Bowlus noted that while patients who have an inadequate response or intolerance to UDCA can receive secondary treatment with Ocaliva (obeticholic acid, Intercept Pharmaceuticals). However, approximately half of patients who receive obeticholic acid still have an inadequate response and obeticholic acid can worsen pruritis.
“Therefore, there is a significant need for new therapies that have improved efficacy and improved tolerability,” Bowlus said.
The researchers randomly assigned patients to receive either 5 mg or 10 mg of seladelpar, a selective peroxisome proliferator-activated receptor-delta agonist. At 12 weeks, patients in the 5 mg group could increase to 10 mg.
As of July 2018, 17 patients in each dose group completed 52 weeks of treatment. Overall, 59% in the 5 mg group and 71% in the 10 mg group achieved a decrease in AP to less than 1.67 times the upper limit of normal. AP decreased by 47% in the 5 mg group and 46% in the 10 mg group. AP normalization occurred in 24% of the 5 mg group and 29% of the 10 mg group.
Additionally, median alanine aminotransferase levels decreased by 31% in the 5 mg group and 33% in the 10 mg group and median visual analogue scale for the measurement of pruritus decreased by 30% in the 5 mg group and 66% in the 10 mg group.

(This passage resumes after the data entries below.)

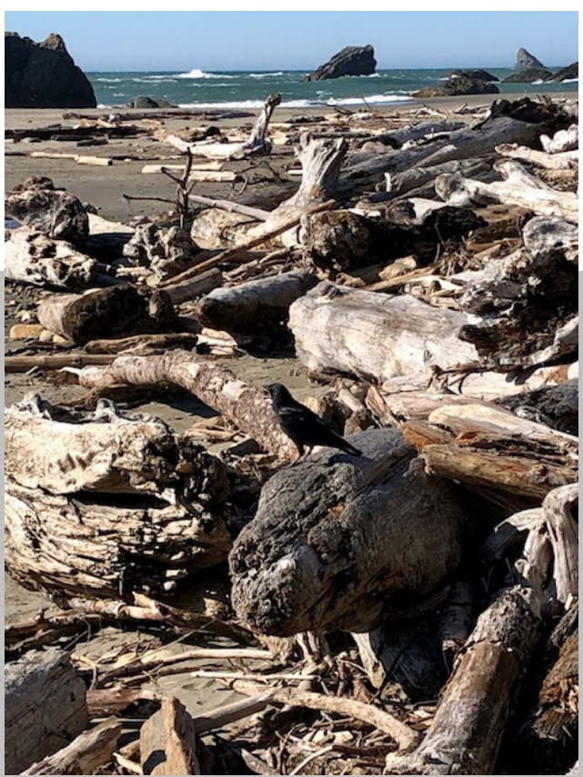
American Crow (Camouflaged in Driftwood) October 29, 2019 - Harris Beach State Park in Brookings Oregon
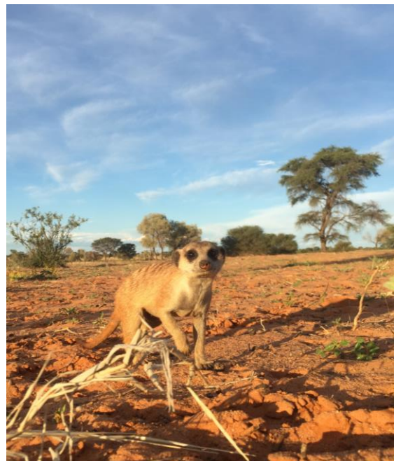
Pippin (VECF003), the dominant female at Elrond's Council 2, who joined the group after leaving Elrond's Council.

Normally, we would make the sub-group an official group as soon as they have been together for two months or breed successfully. As observers believe both Arabella and Vivienne might be pregnant, that day might not be too far off anymore.
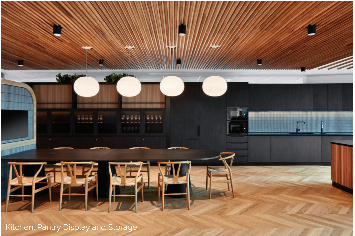
Kitchen, Pantry Display and Storage
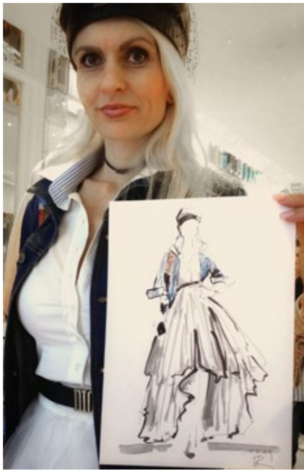
For PARFUMS CHRISTIAN DIOR at the Duftstars in the Steigenberger Hotel and at the Christian Dior Couture boutique, Dusseldorf
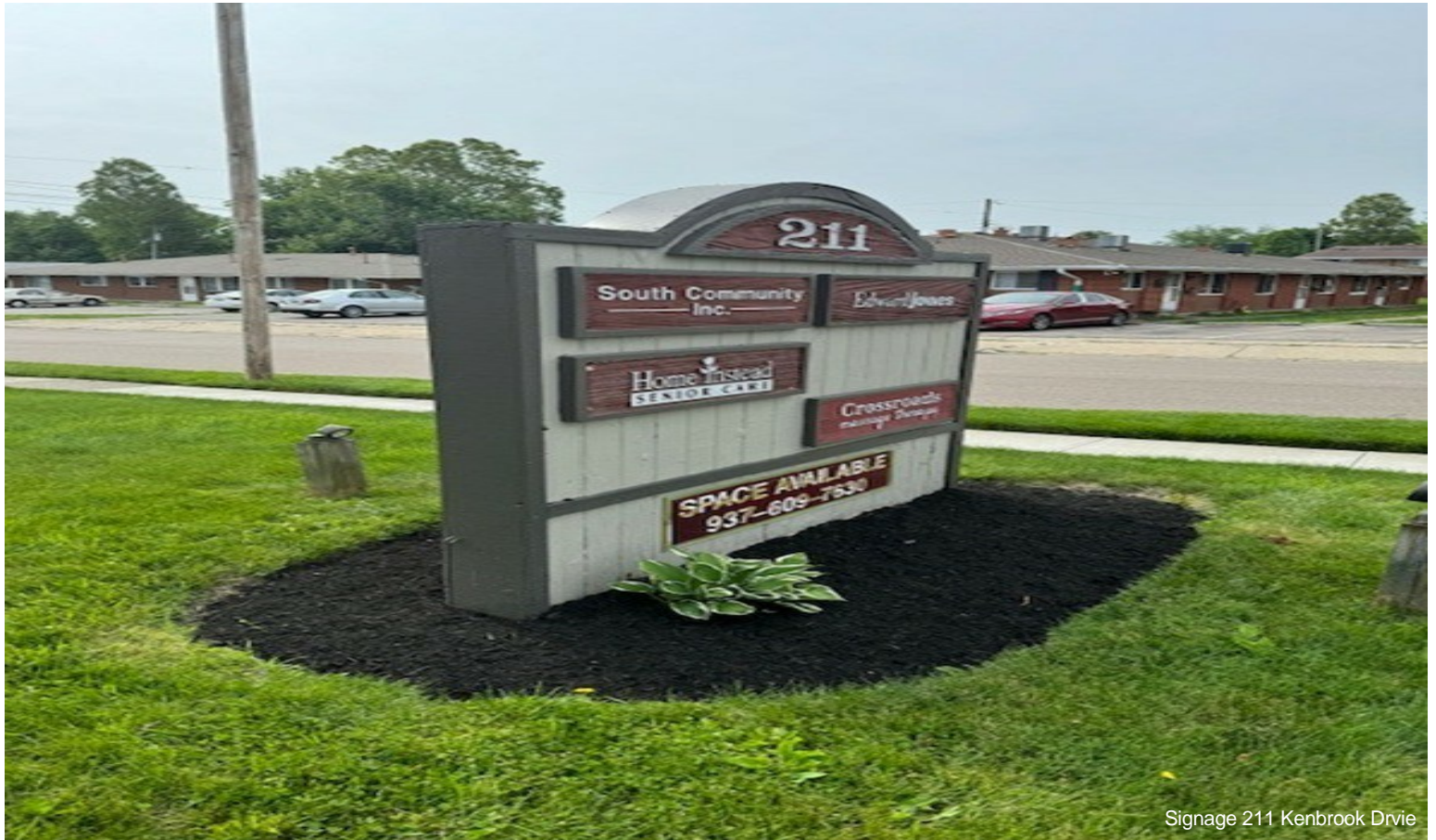
Signage 211 Kenbrook Drive

The researchers did not consider any of the 11 observed serious adverse events related to treatment. One discontinuation for a grade 1 gastroesophageal reflux was deemed related to seladelpar.
“Overall, seladelpar was safe, well-tolerated and was not associated with pruritus,” Bowlus said. “These data have resulted in the initiation of a 52-week phase 3 global PBC study of seladelpar titled ENHANCE. Hopefully, this will confirm these results.” – by Talitha Bennett
Bowlus CL, et al. Abstract LB-3. Presented at: The Liver Meeting 2018; Nov. 9-13, 2018; San Francisco.
Disclosure: Bowlus reports financial connections with Allergan, Arena, BiomX, Bristol-Myers Squibb, Contatus, Cymabay, Eli Lilly, Genkyotex, Gilead, GlaxoSmithKline, Intercept Pharmaceuticals, JKB Taiwan, NGM Bio, Novartis, Takeda and TARGET Pharmaceuticals.